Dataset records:
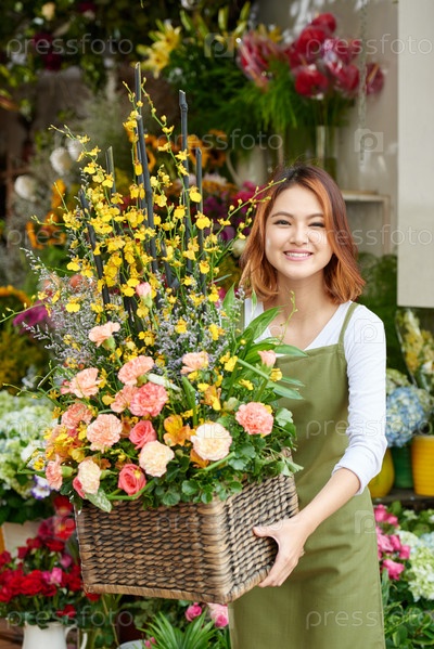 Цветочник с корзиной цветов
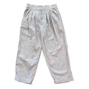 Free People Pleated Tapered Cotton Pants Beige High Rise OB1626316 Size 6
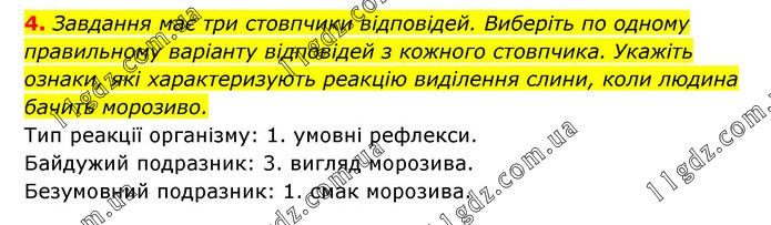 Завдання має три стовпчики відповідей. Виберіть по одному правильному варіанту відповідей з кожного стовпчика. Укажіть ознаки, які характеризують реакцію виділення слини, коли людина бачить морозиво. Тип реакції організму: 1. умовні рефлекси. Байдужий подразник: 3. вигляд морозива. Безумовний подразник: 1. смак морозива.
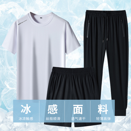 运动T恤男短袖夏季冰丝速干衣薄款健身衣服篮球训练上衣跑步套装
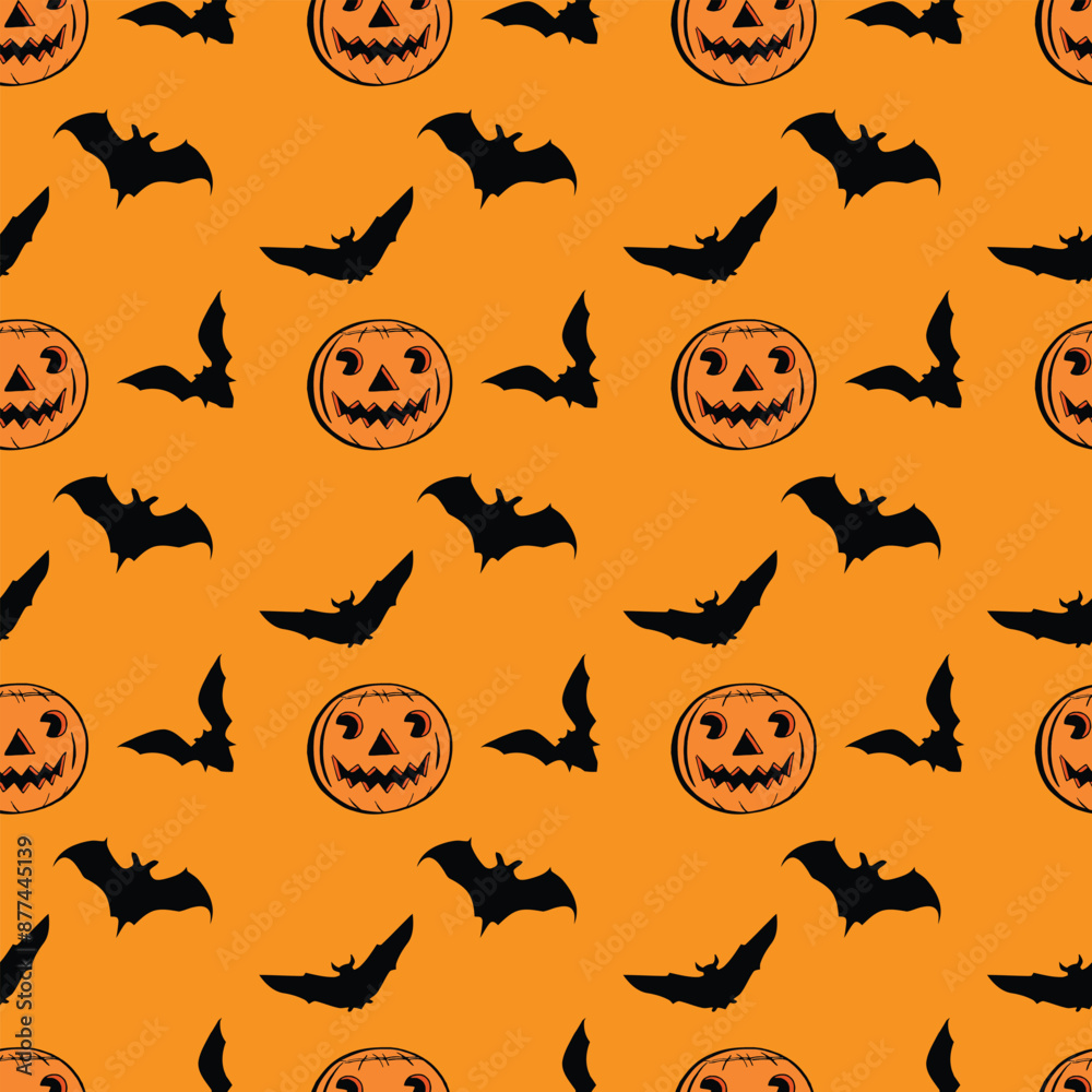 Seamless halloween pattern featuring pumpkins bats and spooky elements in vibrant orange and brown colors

- [Assigned task]:
For the entries above, return an exact copy that omits the images.

- [Result]:
 Цветочник с корзиной цветов
 Free People Pleated Tapered Cotton Pants Beige High Rise OB1626316 Size 6
 Завдання має три стовпчики відповідей. Виберіть по одному правильному варіанту відповідей з кожного стовпчика. Укажіть ознаки, які характеризують реакцію виділення слини, коли людина бачить морозиво. Тип реакції організму: 1. умовні рефлекси. Байдужий подразник: 3. вигляд морозива. Безумовний подразник: 1. смак морозива.
 运动T恤男短袖夏季冰丝速干衣薄款健身衣服篮球训练上衣跑步套装
 Seamless halloween pattern featuring pumpkins bats and spooky elements in vibrant orange and brown colors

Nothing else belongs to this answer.